[Opening Source data section]

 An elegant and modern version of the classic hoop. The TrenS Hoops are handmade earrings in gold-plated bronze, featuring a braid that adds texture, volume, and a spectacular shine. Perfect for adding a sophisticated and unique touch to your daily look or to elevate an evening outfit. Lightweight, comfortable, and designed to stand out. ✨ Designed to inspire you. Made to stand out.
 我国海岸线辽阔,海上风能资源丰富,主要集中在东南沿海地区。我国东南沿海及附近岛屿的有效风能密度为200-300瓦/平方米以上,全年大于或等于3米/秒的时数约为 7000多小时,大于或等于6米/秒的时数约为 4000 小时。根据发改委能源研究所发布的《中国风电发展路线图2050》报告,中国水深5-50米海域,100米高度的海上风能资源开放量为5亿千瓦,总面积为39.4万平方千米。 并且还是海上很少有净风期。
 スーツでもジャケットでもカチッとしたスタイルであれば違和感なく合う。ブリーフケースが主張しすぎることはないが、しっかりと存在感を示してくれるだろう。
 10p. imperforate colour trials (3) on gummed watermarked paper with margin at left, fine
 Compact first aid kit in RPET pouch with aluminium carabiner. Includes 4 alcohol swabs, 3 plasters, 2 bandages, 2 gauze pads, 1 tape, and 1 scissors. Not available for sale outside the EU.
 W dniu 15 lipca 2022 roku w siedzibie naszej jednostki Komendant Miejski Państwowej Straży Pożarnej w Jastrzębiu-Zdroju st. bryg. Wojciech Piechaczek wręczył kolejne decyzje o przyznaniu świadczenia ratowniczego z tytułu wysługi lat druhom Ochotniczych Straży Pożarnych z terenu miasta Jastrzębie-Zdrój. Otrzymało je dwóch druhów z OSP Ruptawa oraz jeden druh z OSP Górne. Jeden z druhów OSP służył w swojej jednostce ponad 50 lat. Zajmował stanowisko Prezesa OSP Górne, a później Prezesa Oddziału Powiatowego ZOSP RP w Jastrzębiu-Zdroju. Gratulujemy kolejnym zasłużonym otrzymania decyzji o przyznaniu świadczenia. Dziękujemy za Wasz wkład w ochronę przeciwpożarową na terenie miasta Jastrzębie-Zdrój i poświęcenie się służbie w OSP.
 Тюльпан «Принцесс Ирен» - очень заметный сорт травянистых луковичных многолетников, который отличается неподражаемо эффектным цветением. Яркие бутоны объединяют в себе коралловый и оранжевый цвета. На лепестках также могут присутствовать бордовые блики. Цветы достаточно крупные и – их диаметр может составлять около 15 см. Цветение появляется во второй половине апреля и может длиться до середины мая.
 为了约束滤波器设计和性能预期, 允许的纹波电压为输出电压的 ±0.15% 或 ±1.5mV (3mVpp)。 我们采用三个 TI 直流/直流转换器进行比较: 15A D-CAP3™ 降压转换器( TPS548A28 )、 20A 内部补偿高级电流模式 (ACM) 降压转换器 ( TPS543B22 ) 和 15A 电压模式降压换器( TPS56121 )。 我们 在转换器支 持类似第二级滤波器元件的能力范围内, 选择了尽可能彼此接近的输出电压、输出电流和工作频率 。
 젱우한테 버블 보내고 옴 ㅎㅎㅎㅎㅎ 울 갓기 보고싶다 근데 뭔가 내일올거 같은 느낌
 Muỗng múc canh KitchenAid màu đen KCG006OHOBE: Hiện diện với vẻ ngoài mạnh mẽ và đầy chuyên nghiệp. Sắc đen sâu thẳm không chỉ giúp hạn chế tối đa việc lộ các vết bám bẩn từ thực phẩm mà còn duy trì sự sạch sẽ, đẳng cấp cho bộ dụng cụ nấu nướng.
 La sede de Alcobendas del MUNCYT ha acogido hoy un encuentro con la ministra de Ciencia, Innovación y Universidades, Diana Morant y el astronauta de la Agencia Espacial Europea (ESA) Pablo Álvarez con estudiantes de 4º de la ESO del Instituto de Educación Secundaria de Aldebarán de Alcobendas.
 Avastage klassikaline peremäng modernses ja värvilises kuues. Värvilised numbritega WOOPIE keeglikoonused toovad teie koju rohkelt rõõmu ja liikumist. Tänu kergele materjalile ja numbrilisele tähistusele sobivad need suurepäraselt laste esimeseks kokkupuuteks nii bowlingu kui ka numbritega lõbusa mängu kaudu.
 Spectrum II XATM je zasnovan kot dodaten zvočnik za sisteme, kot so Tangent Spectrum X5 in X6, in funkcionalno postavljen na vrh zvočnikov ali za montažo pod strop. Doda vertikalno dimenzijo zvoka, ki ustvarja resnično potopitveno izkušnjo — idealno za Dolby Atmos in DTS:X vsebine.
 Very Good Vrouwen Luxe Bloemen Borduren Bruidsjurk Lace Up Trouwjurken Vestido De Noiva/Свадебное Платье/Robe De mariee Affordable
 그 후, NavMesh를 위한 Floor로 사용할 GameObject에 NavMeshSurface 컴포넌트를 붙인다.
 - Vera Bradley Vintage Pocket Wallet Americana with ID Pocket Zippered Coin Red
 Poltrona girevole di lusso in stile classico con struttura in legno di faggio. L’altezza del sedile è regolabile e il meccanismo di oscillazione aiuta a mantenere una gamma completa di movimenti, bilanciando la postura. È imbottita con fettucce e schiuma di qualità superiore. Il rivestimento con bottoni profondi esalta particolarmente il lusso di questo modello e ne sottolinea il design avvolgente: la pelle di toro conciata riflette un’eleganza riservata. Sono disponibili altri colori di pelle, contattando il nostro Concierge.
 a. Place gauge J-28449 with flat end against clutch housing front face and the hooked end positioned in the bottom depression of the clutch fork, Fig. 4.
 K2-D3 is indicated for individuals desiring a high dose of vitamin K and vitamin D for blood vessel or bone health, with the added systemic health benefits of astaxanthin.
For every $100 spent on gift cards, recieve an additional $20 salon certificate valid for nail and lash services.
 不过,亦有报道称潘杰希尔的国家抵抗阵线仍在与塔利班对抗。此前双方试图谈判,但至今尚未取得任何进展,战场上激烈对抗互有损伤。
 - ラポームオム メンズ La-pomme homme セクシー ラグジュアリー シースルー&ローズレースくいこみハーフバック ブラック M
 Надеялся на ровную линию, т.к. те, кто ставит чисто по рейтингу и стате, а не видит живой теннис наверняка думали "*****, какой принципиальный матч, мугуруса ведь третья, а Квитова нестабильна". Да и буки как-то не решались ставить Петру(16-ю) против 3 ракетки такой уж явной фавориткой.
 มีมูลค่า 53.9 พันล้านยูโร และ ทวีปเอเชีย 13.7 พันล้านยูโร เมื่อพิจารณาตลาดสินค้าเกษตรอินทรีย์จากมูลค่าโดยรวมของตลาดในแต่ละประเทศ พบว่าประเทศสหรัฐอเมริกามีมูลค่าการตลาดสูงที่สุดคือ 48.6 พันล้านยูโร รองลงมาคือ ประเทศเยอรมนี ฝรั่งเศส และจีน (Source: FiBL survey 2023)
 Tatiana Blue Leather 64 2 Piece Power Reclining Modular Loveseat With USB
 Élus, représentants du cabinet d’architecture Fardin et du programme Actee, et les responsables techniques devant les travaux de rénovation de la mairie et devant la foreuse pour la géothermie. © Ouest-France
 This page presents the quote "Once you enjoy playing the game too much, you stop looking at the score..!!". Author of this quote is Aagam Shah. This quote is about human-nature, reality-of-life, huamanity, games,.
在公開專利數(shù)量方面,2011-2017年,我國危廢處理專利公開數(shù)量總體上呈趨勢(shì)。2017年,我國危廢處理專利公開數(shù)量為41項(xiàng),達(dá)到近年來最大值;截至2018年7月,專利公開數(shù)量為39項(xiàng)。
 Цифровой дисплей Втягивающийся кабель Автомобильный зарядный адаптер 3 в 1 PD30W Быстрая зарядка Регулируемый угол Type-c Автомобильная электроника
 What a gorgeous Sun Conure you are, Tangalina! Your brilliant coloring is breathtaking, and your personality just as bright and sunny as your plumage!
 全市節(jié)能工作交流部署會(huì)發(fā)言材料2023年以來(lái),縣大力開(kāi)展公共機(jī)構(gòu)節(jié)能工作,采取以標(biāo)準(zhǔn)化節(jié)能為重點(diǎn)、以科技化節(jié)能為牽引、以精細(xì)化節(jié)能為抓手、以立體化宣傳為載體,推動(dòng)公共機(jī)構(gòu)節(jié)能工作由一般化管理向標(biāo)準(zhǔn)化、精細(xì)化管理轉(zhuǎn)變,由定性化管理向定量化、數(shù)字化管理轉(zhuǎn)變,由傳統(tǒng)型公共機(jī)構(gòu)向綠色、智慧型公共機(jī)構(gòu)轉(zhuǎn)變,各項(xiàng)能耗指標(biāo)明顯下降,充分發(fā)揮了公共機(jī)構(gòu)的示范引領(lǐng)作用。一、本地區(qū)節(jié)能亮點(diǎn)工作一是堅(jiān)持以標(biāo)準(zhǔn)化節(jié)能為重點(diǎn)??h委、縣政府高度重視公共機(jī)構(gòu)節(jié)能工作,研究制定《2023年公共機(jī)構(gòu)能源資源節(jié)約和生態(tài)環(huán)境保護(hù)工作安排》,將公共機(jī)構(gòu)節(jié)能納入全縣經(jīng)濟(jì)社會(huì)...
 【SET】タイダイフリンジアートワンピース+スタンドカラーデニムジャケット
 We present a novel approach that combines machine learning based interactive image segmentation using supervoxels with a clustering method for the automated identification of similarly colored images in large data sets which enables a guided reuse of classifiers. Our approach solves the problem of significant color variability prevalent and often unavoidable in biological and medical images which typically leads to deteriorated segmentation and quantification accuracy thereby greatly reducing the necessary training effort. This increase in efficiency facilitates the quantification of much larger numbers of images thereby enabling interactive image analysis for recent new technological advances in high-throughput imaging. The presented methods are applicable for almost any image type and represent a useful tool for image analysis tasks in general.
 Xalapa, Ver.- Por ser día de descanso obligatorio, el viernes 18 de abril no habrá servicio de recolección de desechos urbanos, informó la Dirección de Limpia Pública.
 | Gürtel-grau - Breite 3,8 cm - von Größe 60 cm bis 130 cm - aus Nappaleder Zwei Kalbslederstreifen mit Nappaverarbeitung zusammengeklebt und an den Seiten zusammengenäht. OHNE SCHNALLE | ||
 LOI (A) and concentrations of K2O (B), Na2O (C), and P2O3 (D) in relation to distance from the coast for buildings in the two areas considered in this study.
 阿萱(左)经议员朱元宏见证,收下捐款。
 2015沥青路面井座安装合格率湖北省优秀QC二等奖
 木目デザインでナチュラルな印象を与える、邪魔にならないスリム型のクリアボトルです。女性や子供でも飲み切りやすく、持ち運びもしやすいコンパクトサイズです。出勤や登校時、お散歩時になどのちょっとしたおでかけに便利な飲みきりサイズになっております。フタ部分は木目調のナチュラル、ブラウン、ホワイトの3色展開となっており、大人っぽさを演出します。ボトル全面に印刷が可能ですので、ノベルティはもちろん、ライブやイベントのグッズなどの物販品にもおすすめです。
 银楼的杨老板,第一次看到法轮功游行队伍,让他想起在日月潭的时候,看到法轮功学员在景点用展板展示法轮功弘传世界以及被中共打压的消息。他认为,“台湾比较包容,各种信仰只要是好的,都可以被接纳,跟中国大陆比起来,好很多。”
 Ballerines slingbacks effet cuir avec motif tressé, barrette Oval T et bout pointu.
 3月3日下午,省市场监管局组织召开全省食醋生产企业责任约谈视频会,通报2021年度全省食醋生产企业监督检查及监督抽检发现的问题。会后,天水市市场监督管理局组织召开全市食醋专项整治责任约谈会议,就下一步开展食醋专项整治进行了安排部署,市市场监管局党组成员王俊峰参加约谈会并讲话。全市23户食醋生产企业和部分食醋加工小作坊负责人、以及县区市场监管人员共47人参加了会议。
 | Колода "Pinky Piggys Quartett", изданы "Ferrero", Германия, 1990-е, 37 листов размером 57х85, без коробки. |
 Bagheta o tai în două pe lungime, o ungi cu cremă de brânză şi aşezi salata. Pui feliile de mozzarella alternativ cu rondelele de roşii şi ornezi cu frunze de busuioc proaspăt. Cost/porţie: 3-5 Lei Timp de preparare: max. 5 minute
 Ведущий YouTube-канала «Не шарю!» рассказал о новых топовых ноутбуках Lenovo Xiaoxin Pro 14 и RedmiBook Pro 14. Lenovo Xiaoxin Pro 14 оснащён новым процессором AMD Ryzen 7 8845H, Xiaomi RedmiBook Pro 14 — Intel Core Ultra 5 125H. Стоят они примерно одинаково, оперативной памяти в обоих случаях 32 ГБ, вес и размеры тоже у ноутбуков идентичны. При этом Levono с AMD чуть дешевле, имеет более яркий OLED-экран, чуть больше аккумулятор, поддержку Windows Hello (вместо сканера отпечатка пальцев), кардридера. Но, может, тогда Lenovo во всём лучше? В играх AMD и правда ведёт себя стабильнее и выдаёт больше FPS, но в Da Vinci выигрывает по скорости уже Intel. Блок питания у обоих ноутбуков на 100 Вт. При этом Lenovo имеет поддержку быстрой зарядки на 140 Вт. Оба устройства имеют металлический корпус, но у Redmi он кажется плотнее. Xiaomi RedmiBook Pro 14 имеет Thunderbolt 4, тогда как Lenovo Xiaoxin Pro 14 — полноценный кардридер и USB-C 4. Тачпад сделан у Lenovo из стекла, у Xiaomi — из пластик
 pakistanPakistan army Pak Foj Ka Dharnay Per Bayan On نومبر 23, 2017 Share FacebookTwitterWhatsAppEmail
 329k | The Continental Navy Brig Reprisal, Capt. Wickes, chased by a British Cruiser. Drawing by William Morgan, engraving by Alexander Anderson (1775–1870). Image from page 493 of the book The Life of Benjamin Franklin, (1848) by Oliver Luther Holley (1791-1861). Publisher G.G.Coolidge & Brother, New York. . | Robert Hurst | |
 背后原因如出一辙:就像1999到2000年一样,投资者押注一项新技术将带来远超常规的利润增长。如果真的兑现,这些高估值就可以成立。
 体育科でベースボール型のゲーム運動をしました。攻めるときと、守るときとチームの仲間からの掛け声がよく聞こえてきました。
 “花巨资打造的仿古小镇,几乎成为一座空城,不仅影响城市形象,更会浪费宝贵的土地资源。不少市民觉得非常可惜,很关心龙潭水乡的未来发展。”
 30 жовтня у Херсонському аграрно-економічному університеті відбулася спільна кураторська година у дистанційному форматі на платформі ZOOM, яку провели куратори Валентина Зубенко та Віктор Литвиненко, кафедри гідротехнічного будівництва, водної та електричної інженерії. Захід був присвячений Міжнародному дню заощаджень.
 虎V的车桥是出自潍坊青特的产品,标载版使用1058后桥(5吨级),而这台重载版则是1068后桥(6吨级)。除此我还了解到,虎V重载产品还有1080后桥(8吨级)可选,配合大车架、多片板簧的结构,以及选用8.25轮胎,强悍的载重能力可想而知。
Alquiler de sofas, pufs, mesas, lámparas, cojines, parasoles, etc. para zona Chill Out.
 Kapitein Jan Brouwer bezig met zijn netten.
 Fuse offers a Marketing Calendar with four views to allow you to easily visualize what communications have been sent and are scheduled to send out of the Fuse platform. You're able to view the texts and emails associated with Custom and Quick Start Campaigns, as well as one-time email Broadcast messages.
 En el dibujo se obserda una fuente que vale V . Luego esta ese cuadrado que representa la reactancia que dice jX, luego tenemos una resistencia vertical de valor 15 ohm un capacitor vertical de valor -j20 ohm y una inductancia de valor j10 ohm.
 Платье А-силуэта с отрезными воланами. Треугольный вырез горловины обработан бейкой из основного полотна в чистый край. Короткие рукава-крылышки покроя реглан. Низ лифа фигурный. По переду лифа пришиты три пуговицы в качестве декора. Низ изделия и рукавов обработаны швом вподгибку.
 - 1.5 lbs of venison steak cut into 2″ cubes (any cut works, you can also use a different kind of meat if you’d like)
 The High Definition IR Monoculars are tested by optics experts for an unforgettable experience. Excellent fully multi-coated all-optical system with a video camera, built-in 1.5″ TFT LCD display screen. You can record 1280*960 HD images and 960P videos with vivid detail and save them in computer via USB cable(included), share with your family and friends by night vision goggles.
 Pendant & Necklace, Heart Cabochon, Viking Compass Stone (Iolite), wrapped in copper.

[Closing Source data section]

▶ **Your task**:
Reproduce the listing word for word from its first line up to and including the line with "W dniu 15 lipca". Give no other lines.

▶ **Answer**:
 An elegant and modern version of the classic hoop. The TrenS Hoops are handmade earrings in gold-plated bronze, featuring a braid that adds texture, volume, and a spectacular shine. Perfect for adding a sophisticated and unique touch to your daily look or to elevate an evening outfit. Lightweight, comfortable, and designed to stand out. ✨ Designed to inspire you. Made to stand out.
 我国海岸线辽阔,海上风能资源丰富,主要集中在东南沿海地区。我国东南沿海及附近岛屿的有效风能密度为200-300瓦/平方米以上,全年大于或等于3米/秒的时数约为 7000多小时,大于或等于6米/秒的时数约为 4000 小时。根据发改委能源研究所发布的《中国风电发展路线图2050》报告,中国水深5-50米海域,100米高度的海上风能资源开放量为5亿千瓦,总面积为39.4万平方千米。 并且还是海上很少有净风期。
 スーツでもジャケットでもカチッとしたスタイルであれば違和感なく合う。ブリーフケースが主張しすぎることはないが、しっかりと存在感を示してくれるだろう。
 10p. imperforate colour trials (3) on gummed watermarked paper with margin at left, fine
 Compact first aid kit in RPET pouch with aluminium carabiner. Includes 4 alcohol swabs, 3 plasters, 2 bandages, 2 gauze pads, 1 tape, and 1 scissors. Not available for sale outside the EU.
 W dniu 15 lipca 2022 roku w siedzibie naszej jednostki Komendant Miejski Państwowej Straży Pożarnej w Jastrzębiu-Zdroju st. bryg. Wojciech Piechaczek wręczył kolejne decyzje o przyznaniu świadczenia ratowniczego z tytułu wysługi lat druhom Ochotniczych Straży Pożarnych z terenu miasta Jastrzębie-Zdrój. Otrzymało je dwóch druhów z OSP Ruptawa oraz jeden druh z OSP Górne. Jeden z druhów OSP służył w swojej jednostce ponad 50 lat. Zajmował stanowisko Prezesa OSP Górne, a później Prezesa Oddziału Powiatowego ZOSP RP w Jastrzębiu-Zdroju. Gratulujemy kolejnym zasłużonym otrzymania decyzji o przyznaniu świadczenia. Dziękujemy za Wasz wkład w ochronę przeciwpożarową na terenie miasta Jastrzębie-Zdrój i poświęcenie się służbie w OSP.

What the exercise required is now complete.